Réponses insuffisantes à éviter

Du côté de certains défenseurs du théisme :

« Pas de morale sans Dieu, point final. » Déclaration doctrinale, pas argument philosophique. Wielenberg présente des arguments philosophiques détaillés qui méritent une réponse philosophique similaire, non un rejet croyant a priori. Même Craig et Plantinga — les plus forts critiques de Wielenberg — traitent ses arguments avec sérieux académique.

« Les athées ne peuvent expliquer pourquoi nous devons être moraux. » Confusion entre niveaux de questionnement. Wielenberg distingue clairement entre l'ontologie morale (qu'est-ce qui rend les actes corrects/incorrects ?) et la motivation morale (pourquoi devons-nous nous en soucier ?). Son argument se concentre sur le premier niveau, et la confusion entre les deux fait perdre le débat.

« C'est juste une reformulation du platonisme ancien. » Réduction trompeuse. Bien que Wielenberg tire profit de l'intuition platonicienne, il développe une version contemporaine sophistiquée qui traite de problèmes qu'Platon n'a pas affrontés, spécialement la question de la relation causale entre faits moraux et monde naturel.

Du côté de certains naturalistes :

« Wielenberg prouve définitivement que la morale n'a pas besoin de Dieu. » Exagération. Wielenberg lui-même est plus modeste, prétendant seulement qu'il offre une « option défendable » (defensible option) pour le réalisme moral athée, non une preuve décisive.

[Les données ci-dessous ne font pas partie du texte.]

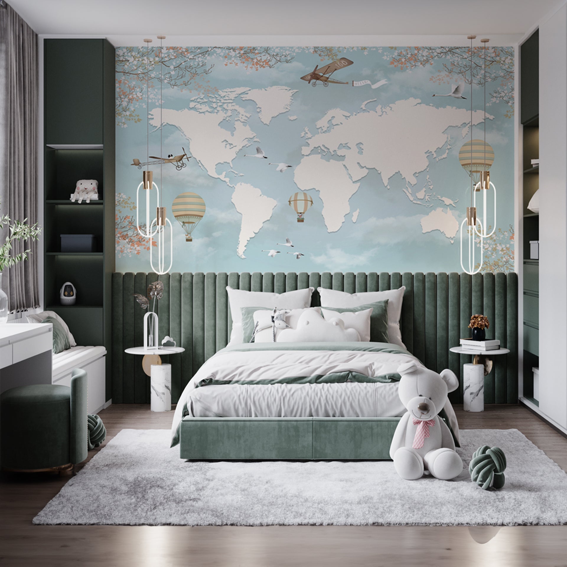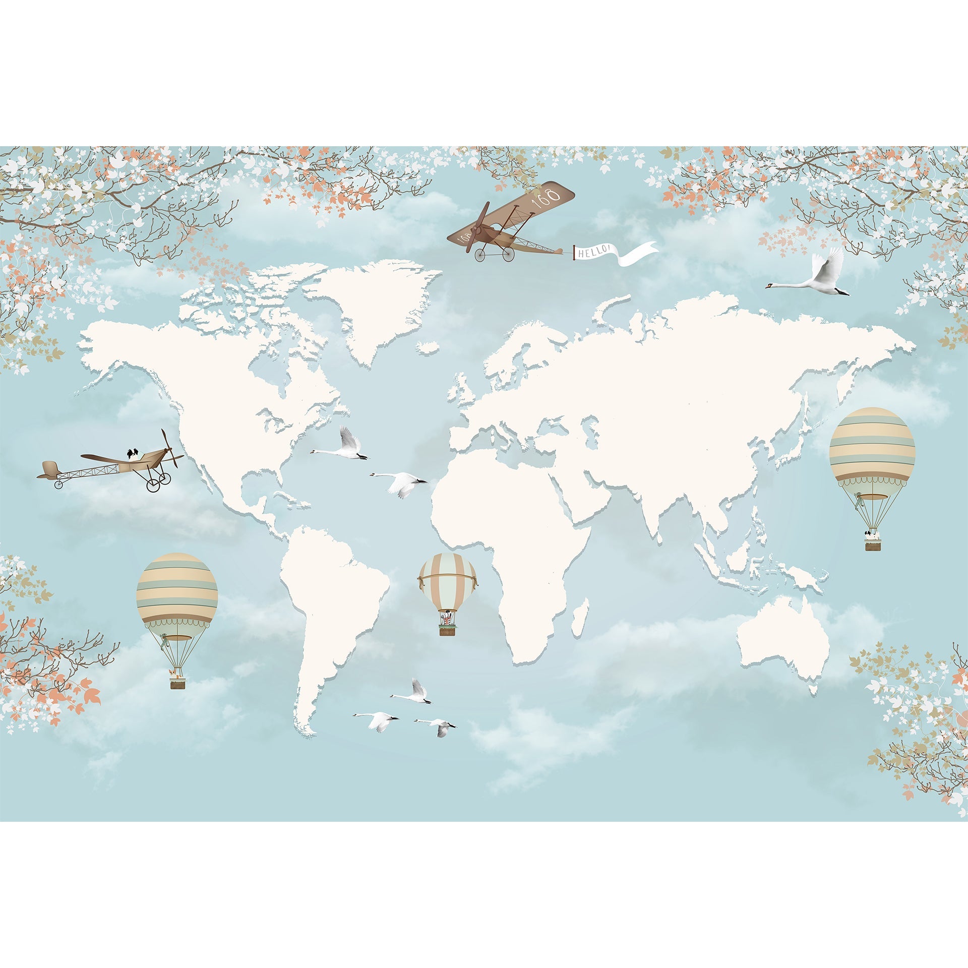 3d wallpaper world map design with planes hot air balloons on sky background for kids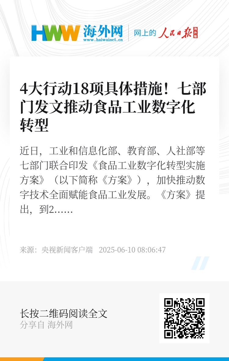 近日,工业和信息化部、教育部、人社部等七部门联合印发《食品工业数字化转型实施方案》(以下简称《方案》),加快推动数字技术全面赋能食品工业发展。

« Les faits moraux sont exactement comme les faits mathématiques. » Simplification excessive de la position de Wielenberg. Il utilise l'analogie avec les mathématiques pour clarifier comment des faits non naturels peuvent être objectifs, mais il reconnaît des différences importantes entre les domaines, spécialement dans la question de la connaissance morale.

Pourquoi ces réponses sont insuffisantes

Elles échouent à traiter la complexité philosophique de la position de Wielenberg. Son projet n'est pas simplement « nier le rôle de Dieu en morale », mais une tentative de construire une théorie métaphysique intégrée de la morale objective dans un cadre naturaliste, en traitant sérieusement les problèmes connus.

Structure de l'argument central de Wielenberg

L'affirmation de base : Il existe des faits moraux nécessaires (necessary moral facts) irréductibles aux faits naturels, mais ils n'ont pas besoin de Dieu pour expliquer leur existence ou leur objectivité. Ces faits « se fondent eux-mêmes » (self-grounding) comme le font les faits logiques et mathématiques.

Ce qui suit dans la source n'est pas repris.